Numa dessas tardes preguiçosas, após almoço
farto, senti vontade de sonhar. Andava com saudade de umas paisagens ou lugares
antigos: casas de parede-meia, duas janelas, porta alta, sem muro, calçada de
cimento, chão da rua coberto com pedra tosca ou paralelepípedo, um jumento a
pastar, uns pombos a arrulhar, uma carroça a passar e meninos a correr atrás de
bola. Saudade de umas pessoas esquecidas, talvez nunca vistas. Por pouco, não
cochilei na cadeira da sala. Animou-me e assustou-me o chamado estridente da
sirena. Então me lembrei de ter combinado com minhas alunas e meu discípulo
novos um cavaquinho sem pauta: tema livre. O mote ficaria por conta do acaso.

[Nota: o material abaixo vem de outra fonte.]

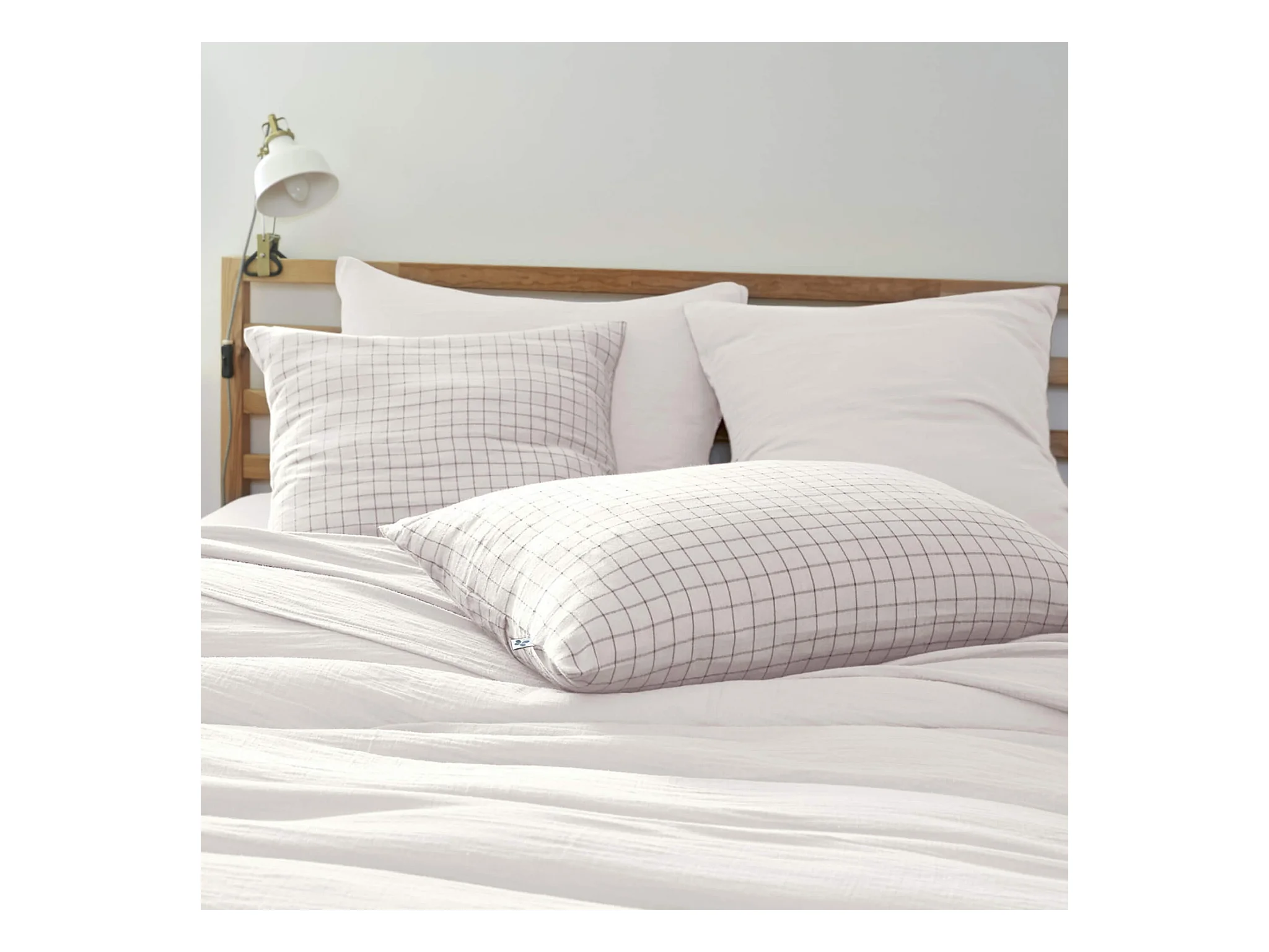 Taie d'oreiller à carreaux double gaze de coton blanc 50x70
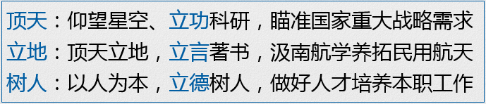 立天地人:顶天,仰望星空、立功科研,瞄准国家重大战略需求;立地,顶天立地,立言著书,汲南航学养拓民用航天;树人,以人为本,立德树人,做好人才培养本职工作。
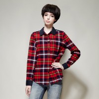 秋装 唐狮正品女拼接格子长袖衬衫#613321015423
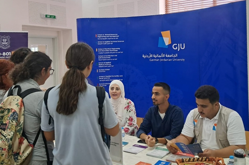 The German Jordanian University (GJU) participated in the educational fair organized by Rosary School in the Marj Elhamam area, which brought together a number of leading universities and educational institutions under one umbrella.
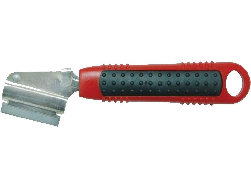 Das Marshalltown Schneidemesser hat einen Softgrip Griff, der geriffelt ist, damit er nicht aus der Hand rutscht. Der Metallrahmen hält die Klingen fest und stabil. Die Klingen sind austauschbar. Am Griffende ist ein Aufhängeloch zur besseren Aufbewahrung.
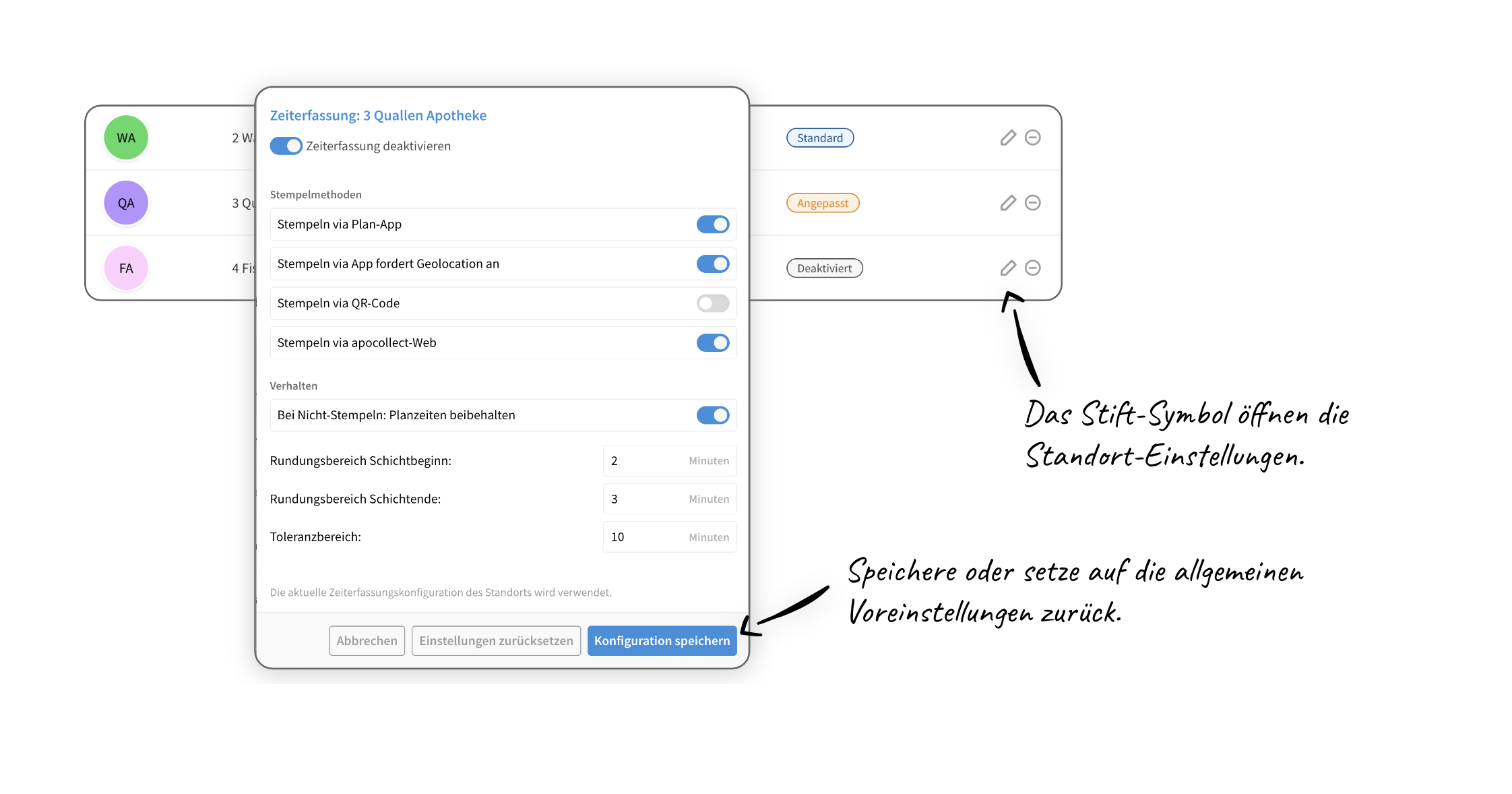 Wenn ihr mehrere Standorte angelegt habt, könnt ihr für die Mitarbeiter eines Standortes schnell die allgemeinen Zeiterfassungseinstellungen modifizieren.

Alice andava pela cozinha ou dormia no quartinho
contíguo à área de serviço. Sorte a dela: o tal aposento guarda a biblioteca
dos poetas especiais. Seria acordada na hora oportuna, para nos servir torta
com refresco.
Corri à entrada da mansarda, ligeiro feito gato
espantado. Primeiro avistei a volátil Erykah Bloom. Penetrei-lhe a alma pelos
olhos verdes e me perdi nos mares das tormentas. Escancarei o portão e minha aflição,
para vê-la passar do vasto mundo ao minúsculo esconderijo de minha solidão. A
moça loira e seus colegas caminharam lentamente no rumo da caverna. Conduzi-os
à sala (de aula) e, sem explicação, arrojei uma pergunta insensata: “Vocês
sabem por que os casais humanos (inclusive homossexuais) querem ter filhos?” Todos
riram, como se eu brincasse com eles. Sulamita Chaves me achou “muito
engraçado”. Trazia à mão 120 dias de
Sodoma. “Estás a ler isto, mocinha?” Ela riu: “Estou a me perder, senhor”.
Ana Clara não parava de rir. “Por que tanto ris, menina?” E mais ela ria.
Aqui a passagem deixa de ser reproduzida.